Created on 2016年01月06日 22:55 by gvanrossum, last changed 2022年04月11日 14:58 by admin. This issue is now closed.
| Files | ||||
|---|---|---|---|---|
| File name | Uploaded | Description | Edit | |
| pathlib_glob_scandir.patch | serhiy.storchaka, 2016年01月11日 12:20 | review | ||
| Pull Requests | |||
|---|---|---|---|
| URL | Status | Linked | Edit |
| PR 25701 | barneygale, 2021年05月13日 01:37 | ||
| Messages (11) | |||
|---|---|---|---|
| msg257653 - (view) | Author: Guido van Rossum (gvanrossum) * (Python committer) | Date: 2016年01月06日 22:55 | |
The globbing functionality in pathlib (Path.glob() and Path.rglob()) might benefit from using the new optimized os.scandir() interface. It currently just uses os.listdir(). The Path.iterdir() method might also benefit (though less so). There's also a sideways connection with http://bugs.python.org/issue26031 (adding an optional stat cache) -- the cache could possibly keep the DirEntry objects and use their (hopefully cached) attributes. This is more speculative though (and what if the platform's DirEntry doesn't cache?) |
|||
| msg257654 - (view) | Author: STINNER Victor (vstinner) * (Python committer) | Date: 2016年01月06日 22:58 | |
Related issue: issue #25596 "regular files handled as directories in the glob module". |
|||
| msg257656 - (view) | Author: Ethan Furman (ethan.furman) * (Python committer) | Date: 2016年01月06日 23:00 | |
As I recall, if the platform's DirEntry doesn't provide the cacheable attributes when first called, those attributes will be looked up (and cached) on first access. |
|||
| msg257657 - (view) | Author: STINNER Victor (vstinner) * (Python committer) | Date: 2016年01月06日 23:03 | |
> As I recall, if the platform's DirEntry doesn't provide the cacheable attributes when first called, those attributes will be looked up (and cached) on first access. scandir() is not magic. It simply provides info given by the OS: see readdir() on UNIX and FindFirstFile()/FindNextFile() on Windows. DirEntry calls os.stat() if needed, but it caches the result. DirEntry doc tries to explain when syscalls or required or not, depending on the requested information and the platform: https://docs.python.org/dev/library/os.html#os.DirEntry |
|||
| msg257660 - (view) | Author: Guido van Rossum (gvanrossum) * (Python committer) | Date: 2016年01月06日 23:12 | |
The DirEntry docs say for most methods "In most cases, no system call is required" which is pretty non-committal. :-( The only firm promise is for inode(), which is pretty useless. |
|||
| msg257664 - (view) | Author: Ben Hoyt (benhoyt) * | Date: 2016年01月07日 01:06 | |
Guido, it's true that in almost all cases you get the speedup (no system call), and it's very much worth using.
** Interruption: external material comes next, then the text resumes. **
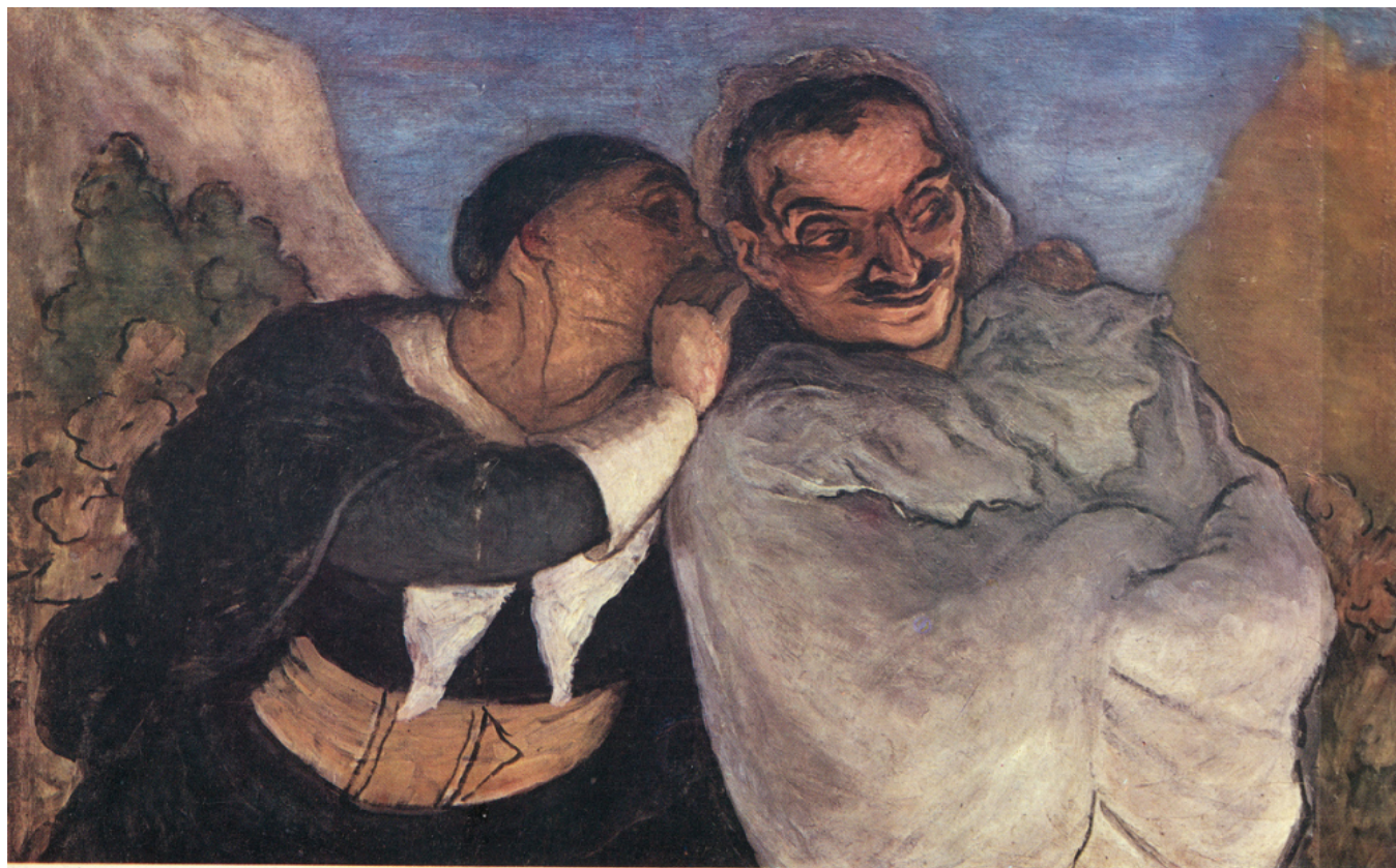
Honoré Daumier : Crispin et Scapin, Louvre, Paris.

Il était trois bouffons Sur un char à cochons, Et trille, trille, trille, trille! trilala.

But the idea with the docs being non-committal is because being specific would make the docs fairly complex. I believe it's as follows for is_file/is_dir/is_symlink: * no system call required on Windows or Unix if the entry is not a symlink * unless you're on Unix with some different file system (maybe a network FS?) where d_type is DT_UNKNOWN * some other edge case which I've probably forgotten :-) Do you think the docs should try to make this more specific? |
|||
| msg257665 - (view) | Author: Guido van Rossum (gvanrossum) * (Python committer) | Date: 2016年01月07日 01:29 | |
Ben, I think it's worth calling out what the rules are around symlinks. I'm guessing the info that is initially present is a subset of lstat(), so if that indicates it's a symlink, is_dir() and is_file() will need a stat() call, *unless* follow_symlinks is False. Another question: for symlinks, there are two different possible stat results: one for stat() and one for lstat(). Are these both cached separately? Or is only one of them? (Experimentally, they are either both cached or the cache remembers the follow_symlinks flag and re-fetches the other result.) Related, "this method always requires a system call", that remark seems to disregard the cache. I'd be happy to review a doc update patch if you make one. |
|||
| msg257679 - (view) | Author: STINNER Victor (vstinner) * (Python committer) | Date: 2016年01月07日 08:53 | |
"Another question: for symlinks, there are two different possible stat results: one for stat() and one for lstat(). Are these both cached separately?" Hopefully, both are cached. It's directly the result of stat() and stat(follow_symlinks=False) which are cached (so a os.stat_result object). |
|||
| msg257955 - (view) | Author: Serhiy Storchaka (serhiy.storchaka) * (Python committer) | Date: 2016年01月11日 12:20 | |
Proposed minimal patch implements globbing in pathlib using os.scandir(). Here are results of microbenchmarks:
$ ./python -m timeit -s "from pathlib import Path; p = Path()" -- "list(p.glob('**/*'))"
Unpatched: 598 msec per loop
Patched: 372 msec per loop
$ ./python -m timeit -s "from pathlib import Path; p = Path('/usr/')" -- "list(p.glob('lib*/**/*'))"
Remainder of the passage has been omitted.